Reproduce the lines below exactly. Skip images.

The data:
§ §

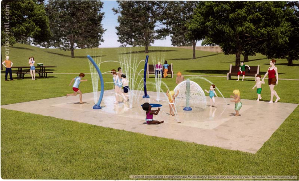
Mayerthorpe Splashpad Addition, Alberta

Colours approved to proceed with manufacturing
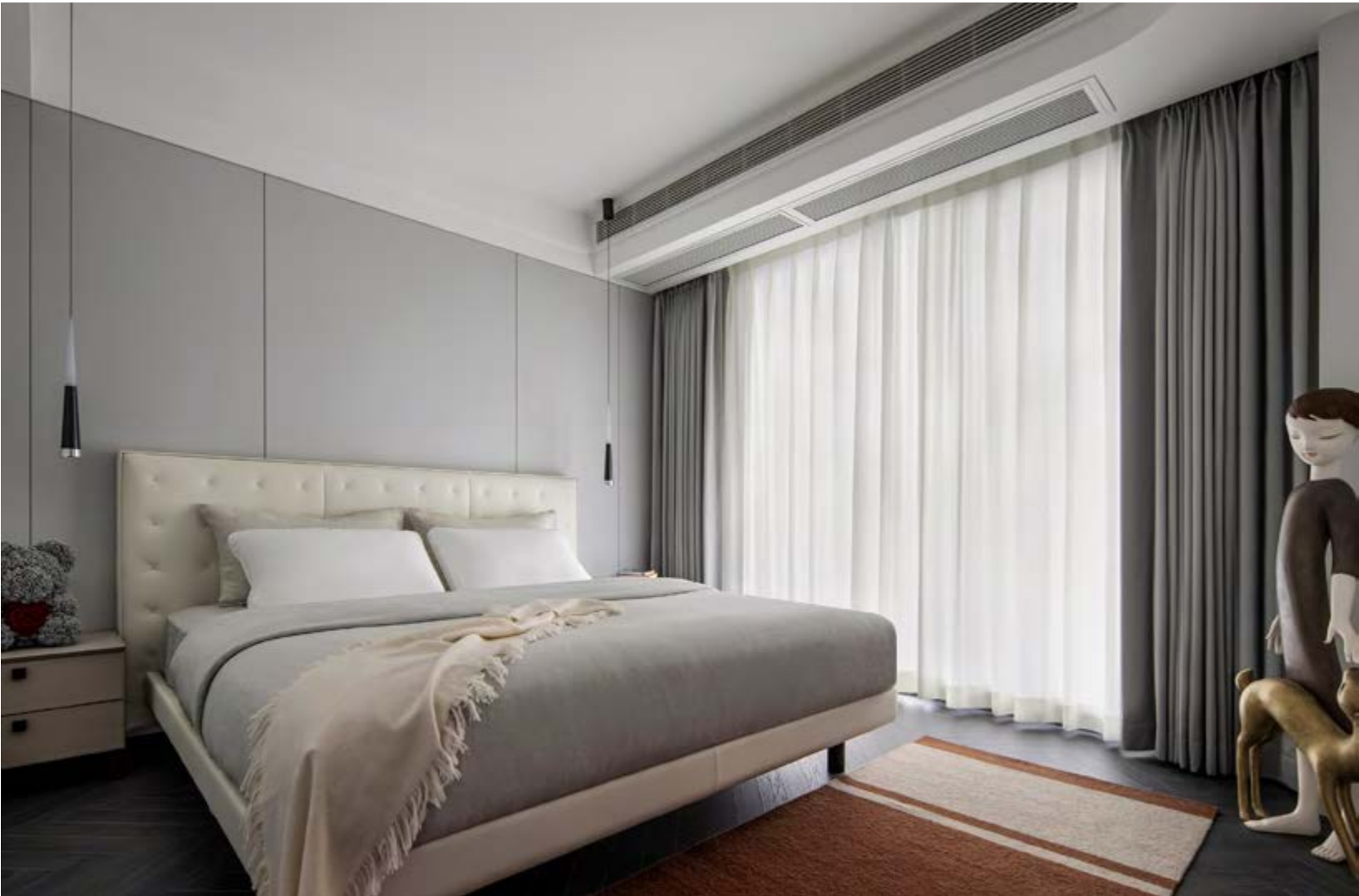
↑ ƚ Più Notte night table*, Pelle Frau® leather SC 31 Quarzo Fumè ↑ Jack bed*, Pelle Frau® leather SC 0 Polare ↑ Land 90x280 cm rug*, col. rust

§ §

Expected output:
Mayerthorpe Splashpad Addition, Alberta

Colours approved to proceed with manufacturing
↑ ƚ Più Notte night table*, Pelle Frau® leather SC 31 Quarzo Fumè ↑ Jack bed*, Pelle Frau® leather SC 0 Polare ↑ Land 90x280 cm rug*, col. rust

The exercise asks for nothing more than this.